> Provided records:
• • •
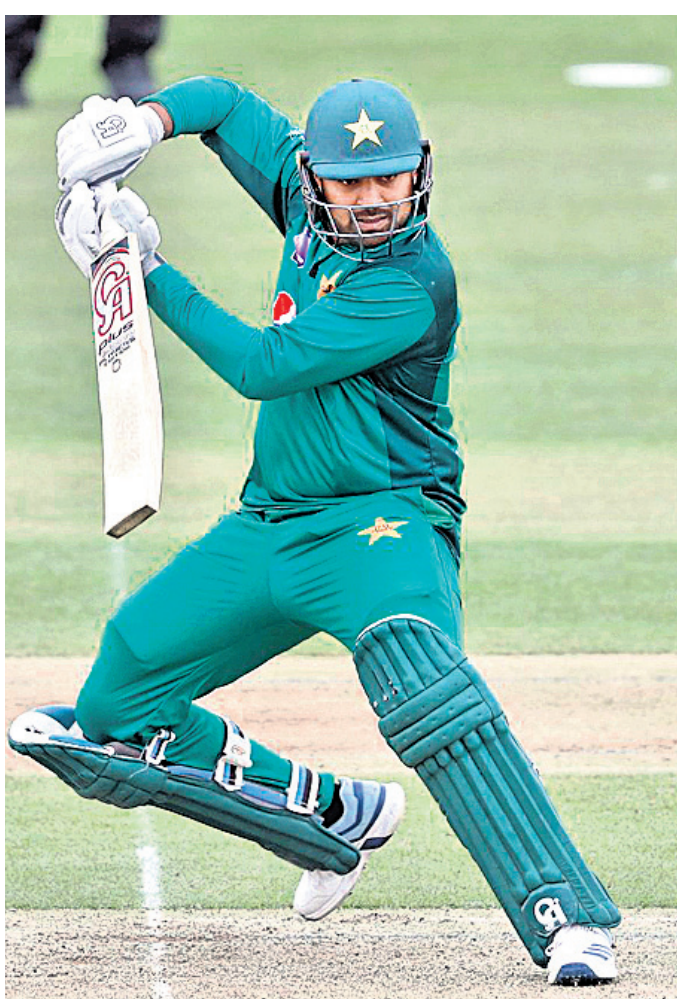
ବିଷୟରକ ଅର୍ଦ୍ଧଶତକୀୟ ଇନିଂସ୍ ଅବସରରେ ପାକିସ୍ତାନର ହାରିସ ସୋହେଲ ।

ଲଣ୍ଡନ, ୨୩:୨(ପି.ଟି.) ବିଶ୍ୱକର୍ମ ୩୦ତମ ମ୍ୟାଚ୍‌ରେ ଦକ୍ଷିଣ ଆଫ୍ରିକା ବିପକ୍ଷରେ ଚମ୍ପି ପାକିସ୍ତାନ ପ୍ରଥମେ ବ୍ୟାଟିଂ କରିବାକୁ ନିଷ୍ପତ୍ତି ନେଇ ନିର୍ଦ୍ଧାରିତ ୫୦ ଓଭରରେ ୭ ଉଇକେଟ୍ ହରାଇ ୩୦୮ ରନ୍‌ର ଚ୍ୟାଲେଞ୍ଜିଂ ଷ୍ଟୋର ହାସଲ କରିଥିଲା। ଘୁନାୟ ଐତିହାସିକ ଲର୍ଡ୍ ଗ୍ରାଉଣ୍ଡରେ ଉଦ୍‌ବିବାର ଖେଳାଯାଇଥିବା ଏହି ମ୍ୟାଚ୍‌କୁ ପ୍ରତ୍ୟାବର୍ତ୍ତନ କରିଥିବା ମିତଲ ଅର୍ଡର ବ୍ୟାଟ୍‌ମ୍ୟାନ ହାରିସ ସୋହେଲ ଜବରଦସ୍ତ ବ୍ୟାଟିଂର ନମୁନା ପ୍ରଦର୍ଶନ କରିଥିଲେ। ମାତ୍ର ୫୯ଟି ବଲର ସମ୍ମୁଖୀନ ହୋଇ ସୋହେଲ ୯ ଟୋକା ଓ ୩ ଛକା ସହ ଦୁଇ ୮୯ ରନ ସଂଗ୍ରହ କରି ଦଳକୁ ବୃହତ୍ ଷ୍ଟୋର ପ୍ରଦାନ କରିଥିଲେ। ଦୁର୍ନିମେଷର ପ୍ରଥମ ମ୍ୟାଚ ଖେଳି ୩୦ ବର୍ଷୀୟ ସୋହେଲ ଚତୁର୍ଥ ଉଇକେଟରେ ବାବର ଆଜମଙ୍କ ସହ ୮୦ ବଲରୁ ୬୯ ରନ ସଂଗ୍ରହ କରିଥିଲେ। ସେହିପରି ପଞ୍ଚମ ଉଇକେଟରେ ଲମାଦ ଓସିମଙ୍କ ସହ ସୋହେଲ ୪୦ ବଲରୁ ୭୧ ରନ ସଂଗ୍ରହ କରିଥିଲେ। ଅତିମା ୧୦ ଓଭରରେ ପାକିସ୍ତାନ ୯୧ ରନ ସଂଗ୍ରହ କରିଥିଲା ଓ ଏଥିରେ ସୋହେଲଙ୍କ ଭୂମିକା ଗୁରୁତ୍ୱପୂର୍ଣ୍ଣ ଥିଲା। ଖରାଦ ପର୍ଯ୍ୟନ୍ତ ଦେଇ ଗତି କରୁଥିବା ଅଭିଜ୍ଞ ଯୋଏବ ମଲିକଙ୍କ ଘ୍ନାନରେ ସୋହେଲଙ୍କୁ ଅତିମ ଏକାଦଶରେ ସାମିଲ କରାଯାଇଥିଲା। ସୋହେଲ ମଧ୍ୟ ଏହାର ଯଥାର୍ଥତା ପ୍ରତିପାଦନ କରିଥିଲେ। ଦୁଇ ଓପନର ଲମାଦ ଉଲ୍ ହକ ଓ
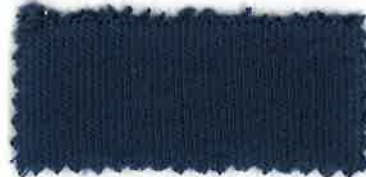
219 トゥルーネイビー
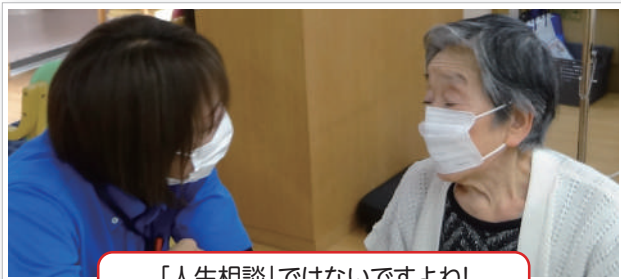
「人生相談」ではないですよ!
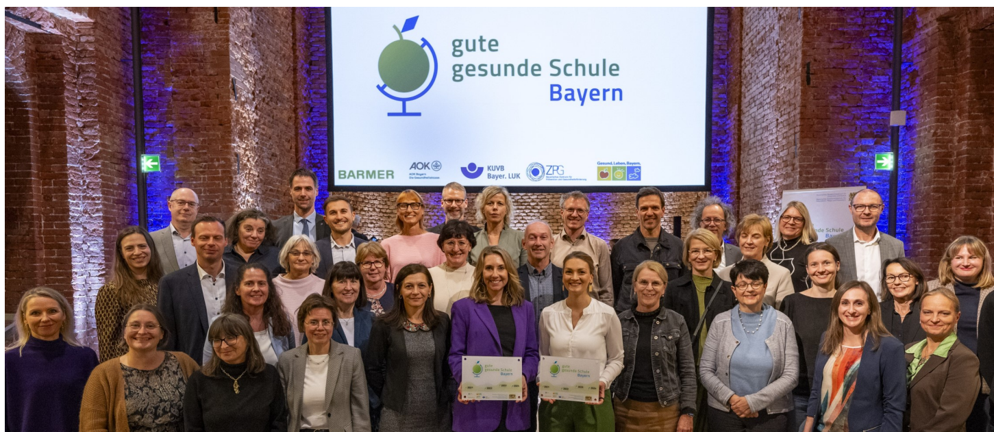
Ministerinnen Anna Stolz und Judith Gerlach (vorne, Bildmitte) zeichneten die Schulen aus und überreichten die Urkunden an die anwesenden Schulleitungen.
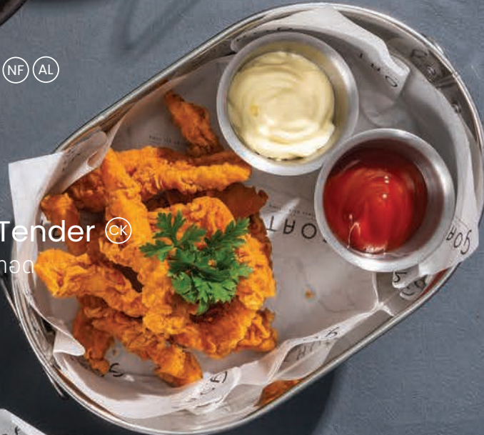
Chicken Tender (CK) สันในไก่ชุบแป้งทอด THB 250
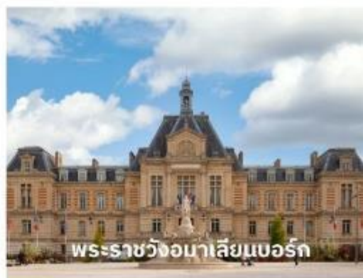
พระราชวังอมาเลียนบอร์ก
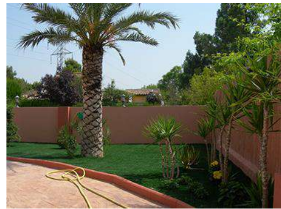
JARDÍN PRIVADO CON CÉSPED ARTIFICIAL
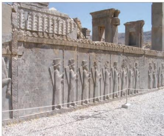
○ سنگ نگاره سربازان سپاه جاویدان - تخت جمشید

ناوهای جنگی را پارسیان و مادی ها بر عهده داشتند. ۳۱ اشکانیان: اشکانیان به نیروی سواره نظام اهمیت فراوان می دادند و در سپاه اشکانی، نیروی پیاده نظام نقش چندانی نداشت. اساس تشکیلات نظامی اشکانیان، سواره نظام چابکی بود که در هنگام سواری تیراندازی می کرد و باعث از هم پاشیدن لشکر دشمن می شد. مهم ترین جنگ افزارهای این
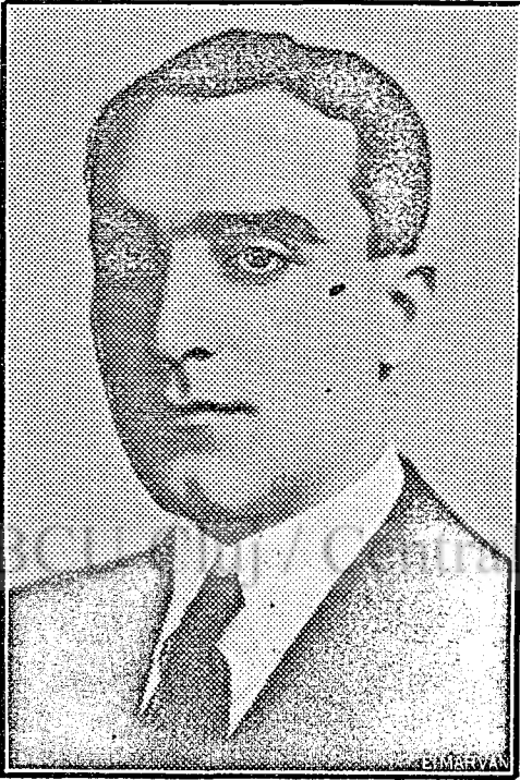
D-l deputat Mihail Roșianu

Îndrumarea agriculturii noastre dela deal și dela munți în direcția dezvoltării acestei ramuri de activitate, este singurul mijloc de a valorifica și munca și pământul locuitorilor din aceste regiuni.
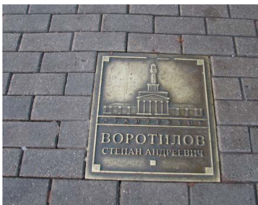
Памятная табличка в Костроме на Аллее Признания. 2012

Сегодня имя Степана Воротилова не носят улицы городов, оно не сверкает золотыми буквами на бортах белоснежных теплоходов, плывущих по Волге. Нет величественных, да что там величественных, нет обыкновенных памятников, напоминающих о нашем выдающемся земляке. Есть лишь скромная бронзовая плита на Аллее Признания в городе Костроме.
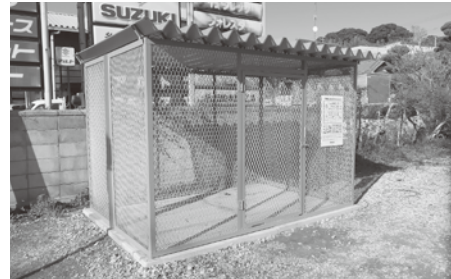
神崎神宿に設置されたごみステーション

総務課長 要望に対しては、全て対応している状況ですが、予算措置が取れないものについては検討中になります。
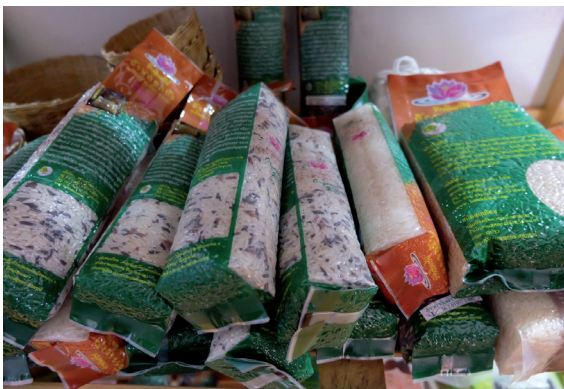
ข้าวอินทรีย์
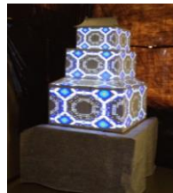
ミニ鶴ヶ城プロジェクションマッピングでは、音楽にあわせて様々な映像が 映し出され、会津の歴史と未来に思いをはせる構成となっていました
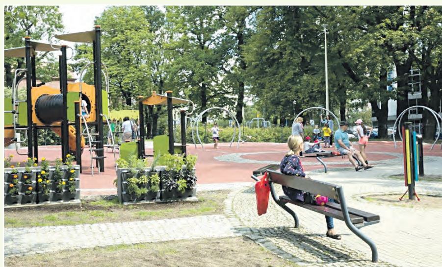
W Lokalnym Programie Rewitalizacji ujęto m.in. park Bogucki. Na zdjęciu plac zabaw w parku
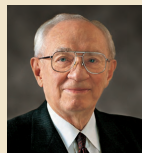
Гордон Б.Хинкли 1995–2008
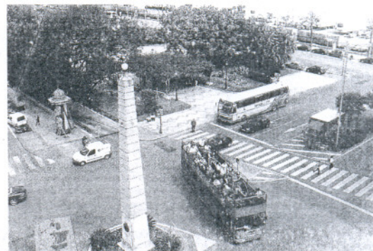
La avenida Ramón de Carranza será la vía principal.

Esta reordenación va a generar también algunos cambios urbanísticos tanto a nivel de semáforos como de pasos de cebra. También se rebajarán los bordillos de algunas aceras, se eliminarán plazas de estacionamiento y se eliminará la Zona Azul en las calles afectadas por los cambios.
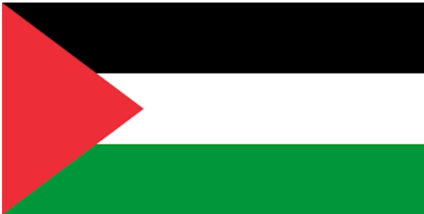
Vlag Palestina.

Op die vragen gaan we in dit artikel dieper in.
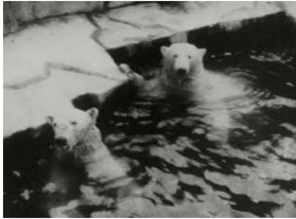
参考図版 杉浦非水撮影による白熊（国立映画アーカイブ所蔵フィルムより）

本展のために新たにデジタル化した国立映画アーカイブ所蔵の16mmフィルムには、非水が創立に関わった光風会の展覧会風景や、親交のあった洋画家・藤田嗣治夫妻とのピクニックの様子、上野動物園の白熊などが映し出されています。
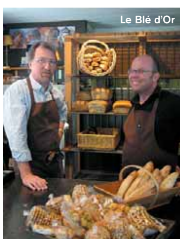
Le Blé d'Or
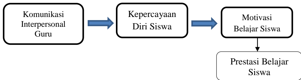
Gambar. 2.1. Kerangka Pemikiran

Aktivitas komunikasi interpersonal guru diharapkan nantinya dapat meningkatkan prestasi belajar sesuai dengan harapan dan keinginan dari pihak guru, orangtua atau siswa itu sendiri.
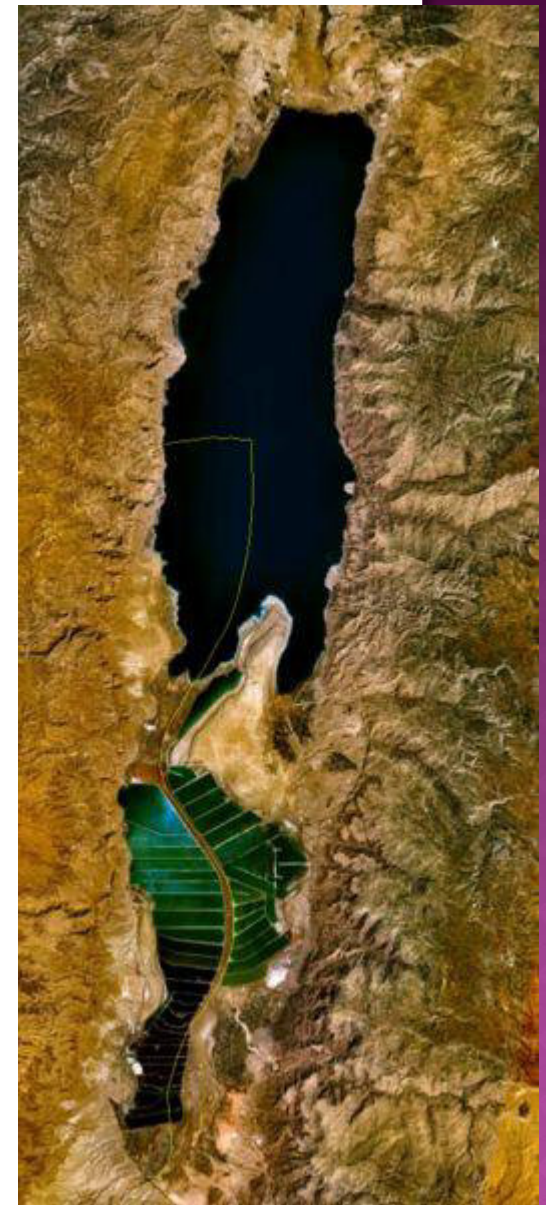
Mrtvé moře, satelitní snímek 22
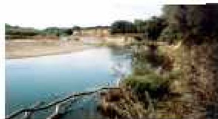
Ерозія берегової лінії річки Страбн в районі с/пос. Блажівка
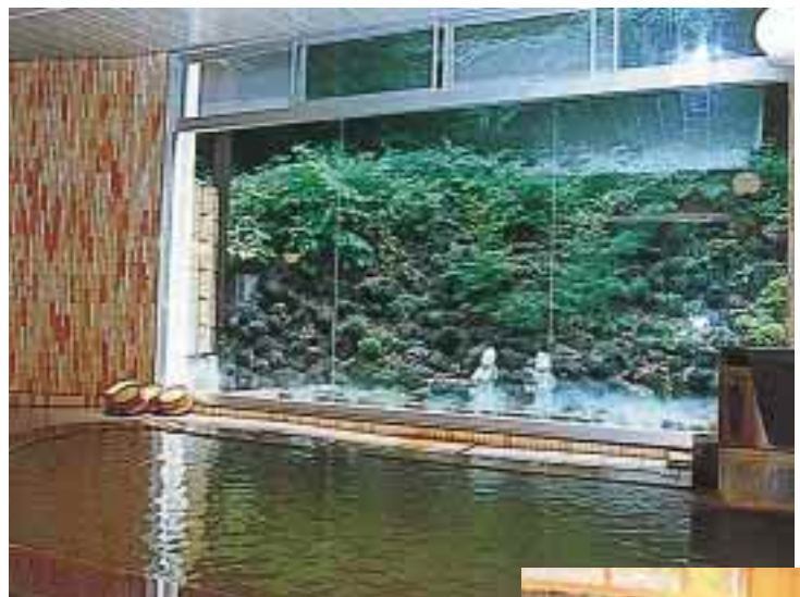
大浴場「石造り風呂」

すぐ近くの源泉から引いたお湯は泉質に優れ、サウナ付き檜風呂、スタンドグラスのある石造り風呂でお楽しみいただけます。
• • •
> Work task: Go back to the line that contains "Aktivitas komunikasi interpersonal" and copy it, along with each line after it through the end of the listing above, exactly and without pictures.

> Exercise solution:
Aktivitas komunikasi interpersonal guru diharapkan nantinya dapat meningkatkan prestasi belajar sesuai dengan harapan dan keinginan dari pihak guru, orangtua atau siswa itu sendiri.
Mrtvé moře, satelitní snímek 22
Ерозія берегової лінії річки Страбн в районі с/пос. Блажівка
大浴場「石造り風呂」

すぐ近くの源泉から引いたお湯は泉質に優れ、サウナ付き檜風呂、スタンドグラスのある石造り風呂でお楽しみいただけます。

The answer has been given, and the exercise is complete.